◆ **Work task**
Below this line is a set of entries; quote exactly the lines from the line that contains "Sin clamor. Cristina" to the line that contains "El evento fue", both lines included.

◆ **Data for processing**
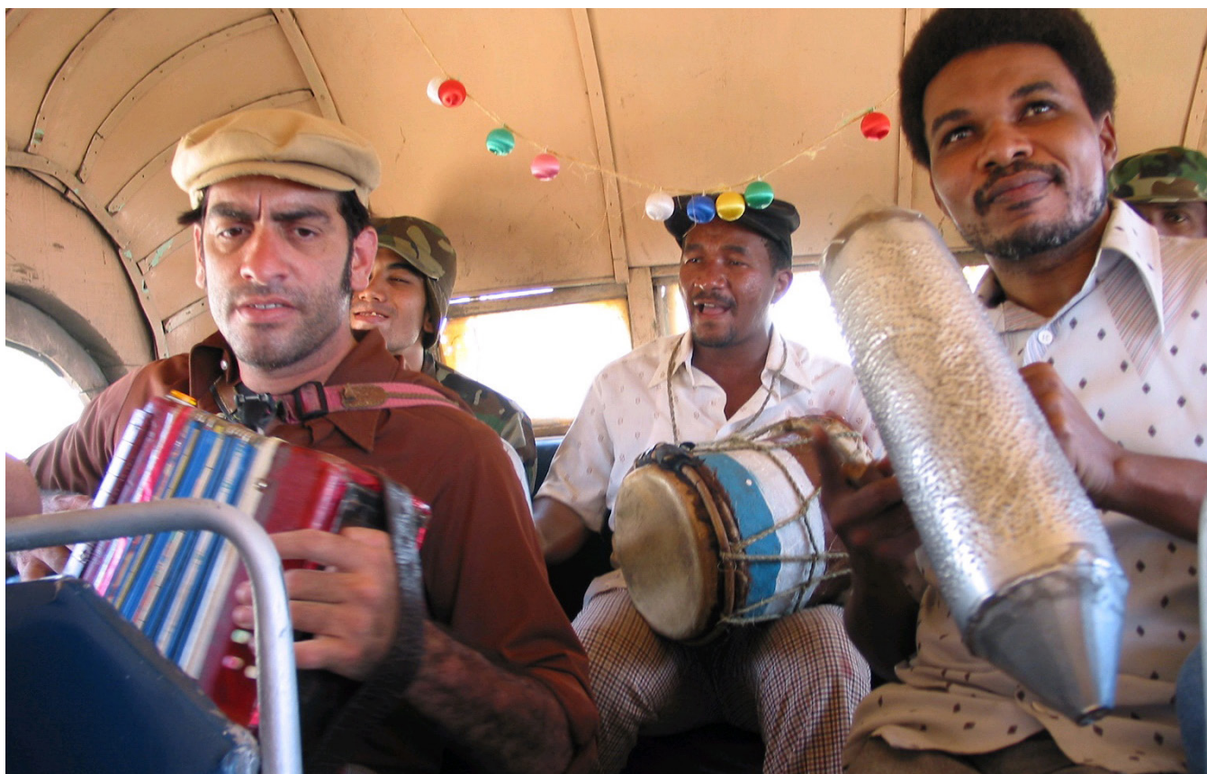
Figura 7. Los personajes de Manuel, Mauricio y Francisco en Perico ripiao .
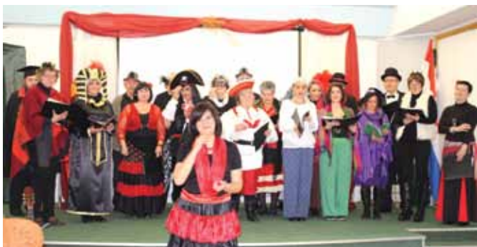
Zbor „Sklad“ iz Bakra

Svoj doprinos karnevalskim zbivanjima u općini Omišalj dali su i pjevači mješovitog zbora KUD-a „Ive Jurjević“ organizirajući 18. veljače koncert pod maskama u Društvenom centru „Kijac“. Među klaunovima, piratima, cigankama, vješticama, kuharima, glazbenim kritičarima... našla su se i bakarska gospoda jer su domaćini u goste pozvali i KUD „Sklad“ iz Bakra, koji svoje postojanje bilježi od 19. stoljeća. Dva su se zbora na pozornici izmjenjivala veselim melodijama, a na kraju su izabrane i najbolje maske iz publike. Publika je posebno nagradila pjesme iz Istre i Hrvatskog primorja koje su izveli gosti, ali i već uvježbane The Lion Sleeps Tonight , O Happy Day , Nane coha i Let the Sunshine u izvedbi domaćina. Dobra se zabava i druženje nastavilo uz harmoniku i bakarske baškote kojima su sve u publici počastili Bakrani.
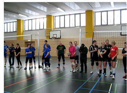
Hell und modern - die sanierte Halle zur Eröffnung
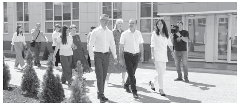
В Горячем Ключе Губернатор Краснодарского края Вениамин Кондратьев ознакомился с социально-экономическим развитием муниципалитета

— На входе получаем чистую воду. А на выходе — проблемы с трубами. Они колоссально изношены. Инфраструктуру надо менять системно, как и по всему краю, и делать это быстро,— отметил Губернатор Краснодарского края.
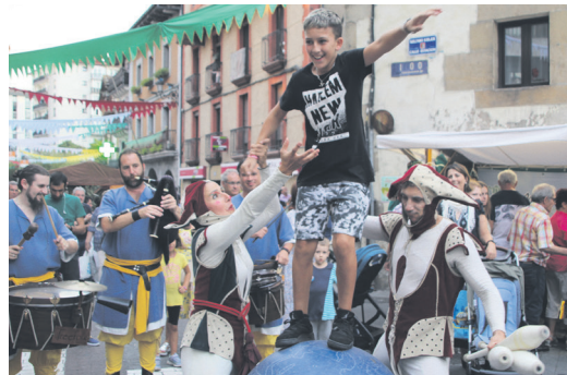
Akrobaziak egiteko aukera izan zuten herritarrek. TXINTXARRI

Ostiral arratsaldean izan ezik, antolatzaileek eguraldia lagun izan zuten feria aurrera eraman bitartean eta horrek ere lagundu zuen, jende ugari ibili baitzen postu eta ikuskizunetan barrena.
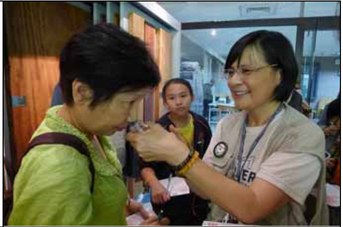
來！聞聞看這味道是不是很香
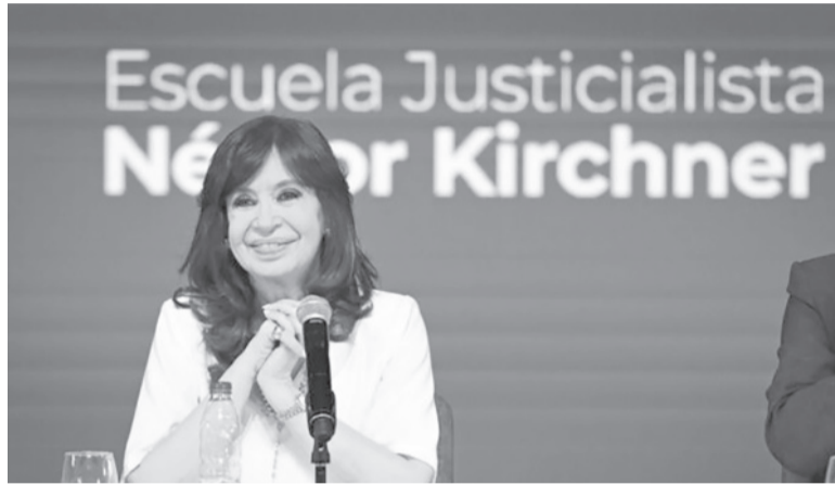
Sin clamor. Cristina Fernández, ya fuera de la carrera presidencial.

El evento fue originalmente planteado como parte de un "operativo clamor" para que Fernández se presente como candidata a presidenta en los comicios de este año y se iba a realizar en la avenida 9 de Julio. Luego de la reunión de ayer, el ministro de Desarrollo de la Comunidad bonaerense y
==
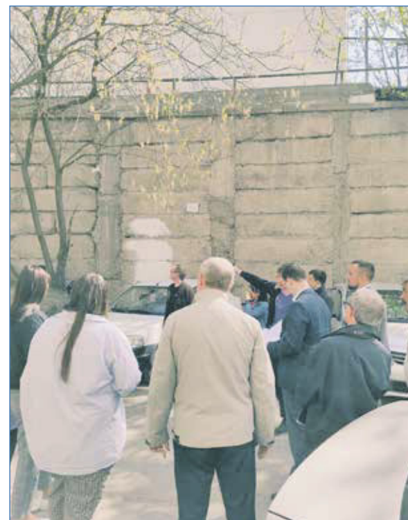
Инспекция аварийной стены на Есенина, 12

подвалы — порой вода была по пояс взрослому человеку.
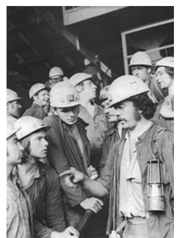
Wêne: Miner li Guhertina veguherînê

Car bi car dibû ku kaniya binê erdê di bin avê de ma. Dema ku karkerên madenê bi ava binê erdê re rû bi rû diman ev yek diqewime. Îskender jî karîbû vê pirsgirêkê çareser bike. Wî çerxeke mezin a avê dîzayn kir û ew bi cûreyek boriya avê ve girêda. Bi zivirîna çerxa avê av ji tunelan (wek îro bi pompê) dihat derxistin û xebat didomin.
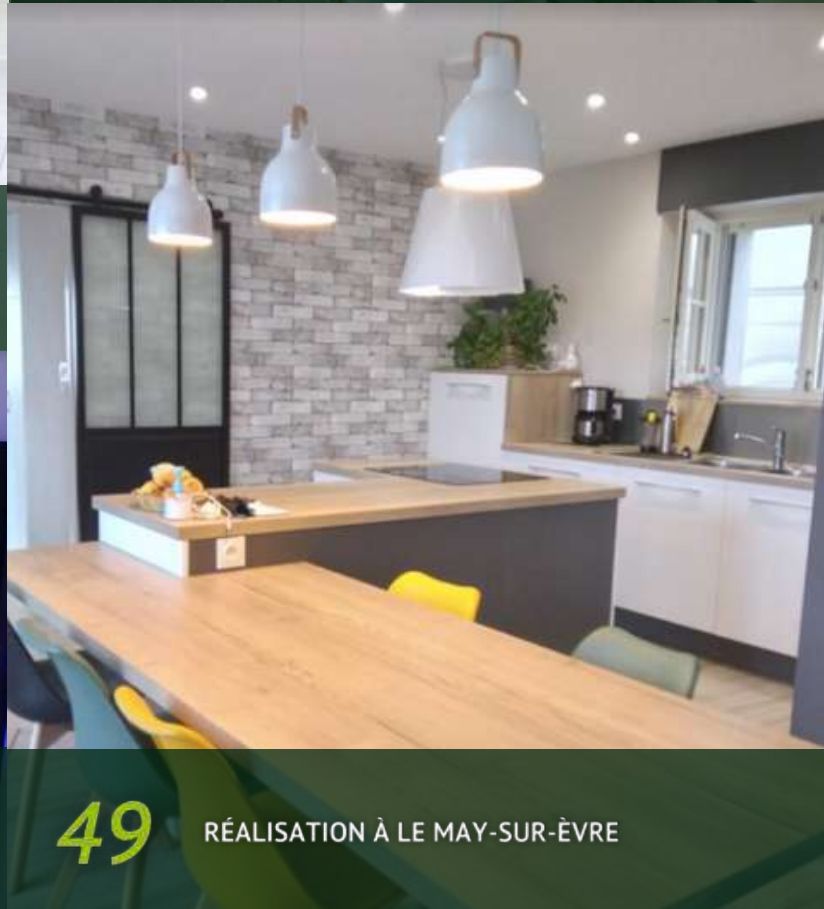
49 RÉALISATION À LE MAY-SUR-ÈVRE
==
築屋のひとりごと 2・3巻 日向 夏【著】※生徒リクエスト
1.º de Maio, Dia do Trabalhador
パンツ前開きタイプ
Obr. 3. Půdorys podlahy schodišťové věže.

◆ **Solution for this exercise**
Sin clamor. Cristina Fernández, ya fuera de la carrera presidencial.

El evento fue originalmente planteado como parte de un "operativo clamor" para que Fernández se presente como candidata a presidenta en los comicios de este año y se iba a realizar en la avenida 9 de Julio. Luego de la reunión de ayer, el ministro de Desarrollo de la Comunidad bonaerense y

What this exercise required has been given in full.